Dataset entries —
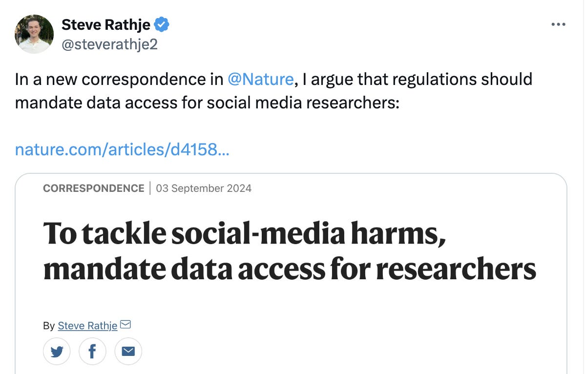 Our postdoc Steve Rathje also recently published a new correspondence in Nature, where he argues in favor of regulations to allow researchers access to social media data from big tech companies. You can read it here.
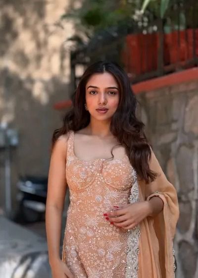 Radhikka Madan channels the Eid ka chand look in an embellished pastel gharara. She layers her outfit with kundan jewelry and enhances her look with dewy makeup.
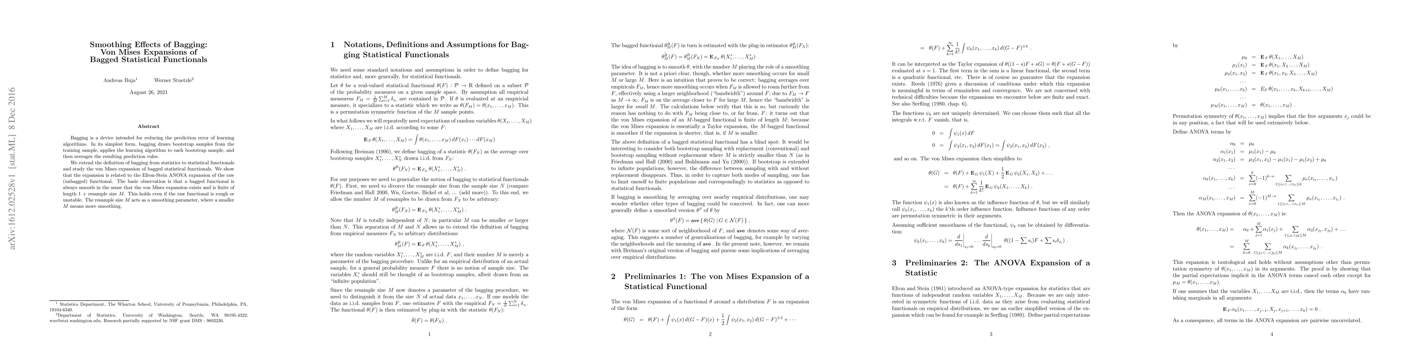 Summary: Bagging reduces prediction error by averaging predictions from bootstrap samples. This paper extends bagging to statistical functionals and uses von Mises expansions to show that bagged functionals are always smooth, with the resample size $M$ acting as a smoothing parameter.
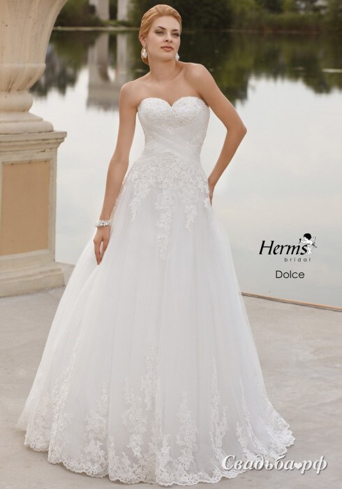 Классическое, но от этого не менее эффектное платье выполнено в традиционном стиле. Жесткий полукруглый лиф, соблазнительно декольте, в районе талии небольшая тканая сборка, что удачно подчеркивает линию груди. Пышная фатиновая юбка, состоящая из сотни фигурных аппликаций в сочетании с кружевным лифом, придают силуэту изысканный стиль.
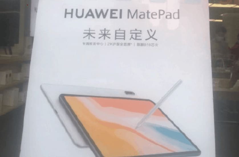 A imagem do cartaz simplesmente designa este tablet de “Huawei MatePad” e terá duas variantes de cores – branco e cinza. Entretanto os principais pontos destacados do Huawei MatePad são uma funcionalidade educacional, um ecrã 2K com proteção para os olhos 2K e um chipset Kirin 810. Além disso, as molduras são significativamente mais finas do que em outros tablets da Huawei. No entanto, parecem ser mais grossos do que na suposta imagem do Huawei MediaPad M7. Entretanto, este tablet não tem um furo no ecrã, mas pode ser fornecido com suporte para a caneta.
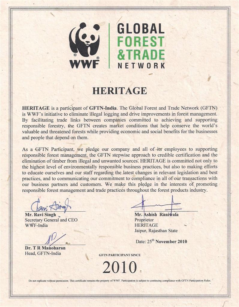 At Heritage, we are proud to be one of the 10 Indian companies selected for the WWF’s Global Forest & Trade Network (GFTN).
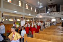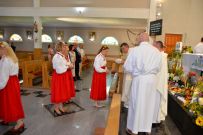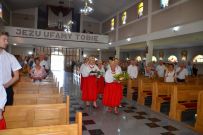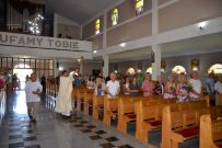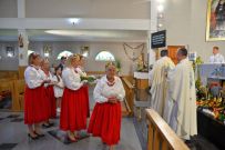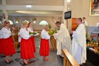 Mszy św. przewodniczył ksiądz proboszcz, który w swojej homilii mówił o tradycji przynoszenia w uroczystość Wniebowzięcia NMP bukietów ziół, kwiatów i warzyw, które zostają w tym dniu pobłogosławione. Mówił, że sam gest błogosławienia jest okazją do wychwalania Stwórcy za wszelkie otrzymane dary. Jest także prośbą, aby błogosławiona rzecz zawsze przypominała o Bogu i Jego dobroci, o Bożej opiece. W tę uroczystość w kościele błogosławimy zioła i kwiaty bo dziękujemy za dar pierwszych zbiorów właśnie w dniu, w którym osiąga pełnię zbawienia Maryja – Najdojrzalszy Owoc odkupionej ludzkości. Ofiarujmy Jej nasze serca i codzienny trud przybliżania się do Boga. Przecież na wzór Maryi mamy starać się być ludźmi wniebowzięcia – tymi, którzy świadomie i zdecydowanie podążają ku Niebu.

EXERCISE BRIEF — Word for word, write out the lines above running from the one with "Summary: Bagging reduces" up to and including the one with "Классическое, но от". Drop any picture.

COMPLETED TASK —
 Summary: Bagging reduces prediction error by averaging predictions from bootstrap samples. This paper extends bagging to statistical functionals and uses von Mises expansions to show that bagged functionals are always smooth, with the resample size $M$ acting as a smoothing parameter.
 Классическое, но от этого не менее эффектное платье выполнено в традиционном стиле. Жесткий полукруглый лиф, соблазнительно декольте, в районе талии небольшая тканая сборка, что удачно подчеркивает линию груди. Пышная фатиновая юбка, состоящая из сотни фигурных аппликаций в сочетании с кружевным лифом, придают силуэту изысканный стиль.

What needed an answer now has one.